On the website thoughtco, we read: “About 20 percent of the world’s population speaks English as a first or secondary language, about 1.5 billion people. If you include people who use it, that brings the estimate up to about a third of the world, or more than 2 billion of the world’s 7.6 billion people (2017). Only about 360 million people speak it as their first language, though.
“After a certain amount of usage, dictionary editors decide whether a new word has enough staying power to add it to the dictionary. Merriam-Webster notes that its editors spend an hour or two daily reading a cross-section of material looking for new words, new meanings to old words, new forms, new spellings, and the like. The words are logged into a database with their context for documentation and further analysis. Before being added to the dictionary a new word or change to an existing word must have a considerable amount of use over time in a variety of types of publications and/or media (widespread use, not just in jargon).”
The problem is that words can mean different things to different people and can be “massaged” to fit what a person or group want it to mean. Take the word “discrimination” for example. From Wikipedia we read this description of discrimination:
“In human social behavior, discrimination is treatment or consideration of, or making a distinction towards, a person based on the group, class, or category to which the person is perceived to belong. These include age, colour, criminal record, height, disability, ethnicity, family status, gender identity, generation, general characteristics, marital status, nationality, race, religion, sex and sexual orientation.”
You would think from such a description that discrimination would be understood by most people. However, a new twist has been given to the meaning by adding the word “positive” before it. Merriam-Webster defines positive discrimination as “the practice of improving the educational and job opportunities of members of groups that have not been treated fairly in the past because of their race, sex, etc.” That is certainly fair enough, but it often doesn’t work out that way.
In practice, positive discrimination as “understood” by those who have a particular “diversity” agenda, can certainly mean, in the UK, that members of the indigenous population can be legally discriminated against in their own country.
For example, as reported in the Daily Mail on February 23rd 2019, was the case of a police inspector’s son who tried to join his father’s force but was rejected for being “a white, heterosexual male without disability”. He had applied for his “dream job” as a constable with Cheshire Police, where his father, 52, is a detective inspector. He performed well in tests and at his interview but the force was so desperate for more recruits from ethnic minorities or who were gay or transgender that it refused to hire him.
The article continued:
“He had a degree in particle physics from Lancaster University, and lodged a discrimination claim against Cheshire Police under equality legislation, and won. It is believed to be the first successful case of its kind. In a ruling a judge criticised the force for treating candidates with ‘protected characteristics’ – including those who were gay, transgender, disabled, black or from other ethnic minorities – more favourably than this candidate who was ‘a white, heterosexual male without disability’.”

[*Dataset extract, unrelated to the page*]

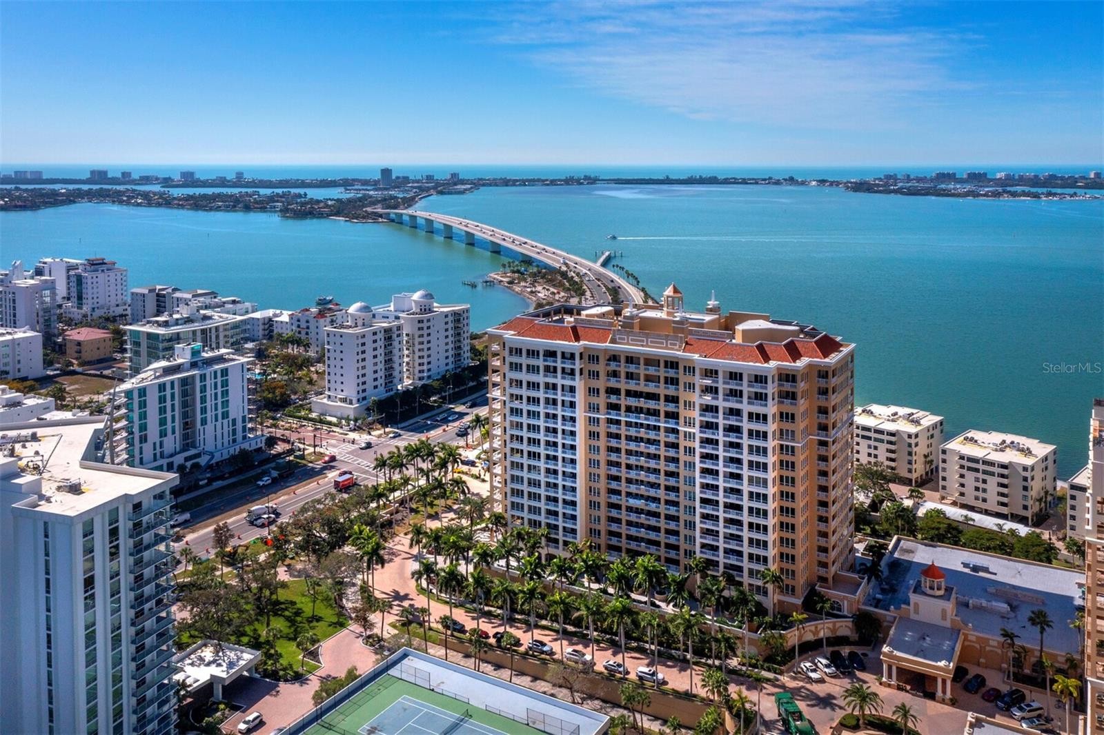 Set high on the 14th floor of the private, luxurious Ritz-Carlton Tower Residences, this elegant three-bedroom, three-bath residence captures breathtaking views of the blue-green waters of the Gulf and Sarasota Bay. Every room with Floor-to-ceiling windows fill the home with natural light, framing ever-changing skies, sparkling water, and glowing sunsets that feel like they were made just for you. Step outside to the nearly 600-square-foot terrace—perfect for morning coffee, sunset cocktails, and effortless entertaining. Inside, the professionally designed interior features gorgeous hardwood flooring throughout, custom cabinetry and built-ins, motorized blinds, plantation shutters, and an integrated entertainment center with televisions and surround sound—creating a space that is both elevated and comfortable. Every detail is designed to feel refined, inviting, and easy to live in. Living at The Ritz-Carlton is more than just owning a beautiful residence—it’s a world-class lifestyle with legendary service. Owner amenities include beautifully appointed social and recreational spaces, state-of-the-art fitness facilities with sauna and steam baths, a massage room, and a resort-style outdoor heated pool and hot tub. Enjoy concierge service, 24-hour in-residence dining, valet, and around-the-clock security. Perfectly positioned in the heart of downtown Sarasota, you’re just moments from the area’s finest beaches, shopping, dining, fishing, golf, theater, and art galleries. Membership opportunities are also available for The Members Golf, Beach and Spa Clubs, offering an additional layer of private, resort-style experiences.

Interestingly, in spite of this ruling “the case came as the leader of Britain’s police chiefs called yesterday for radical laws to allow police to positively discriminate in favour of ethnic minority candidates.” They can certainly play with words to get their own way!
This case was mentioned in our Update number 866 dated 1st March 2019 with Mr Norbert Link’s comments below the article which stated that “We are told not to discriminate as it is against the law but the police want to discriminate against qualified candidates. Will this kind of nonsense ever stop?“
The playing field should be levelled for all candidates but it patently isn’t working out that way in many other cases of a similar nature. In Deuteronomy 28:43 we read: “The stranger that is among you shall rise up above you higher and higher; and you shall come down lower and lower.” It certainly seems that way as the British, in general, have forsaken the Way of God and are bringing upon themselves destruction on their own country.
Another example of playing with words to get their own way is that of the homosexual/lesbian lobby referring to their “partner” in a way that is ridiculous. For example, with two men, one can describe his partner as his wife even though he is male. Likewise, a lesbian can refer to her partner as her husband with no male in sight! Oh, how they love to refashion the English language to fit in with their perversion.
These are just two of many examples where we can see how long-held meanings are fashioned and shaped to fit in with an ungodly society and “normalise” that which would, not that long ago, have been rejected as abnormal and unacceptable.
It is, in effect, a hijacking of words purely to regulate or enhance specific societal changes and make them acceptable to the prevailing culture!
Even though we are living in this world, we are not to be of this world and its evil practices—and this includes that we are not to fall for the deceptive practices of using words which, upon reflection and scrutiny, refashion the clear meaning to fit in with concepts which are opposed to God’s specific instructions.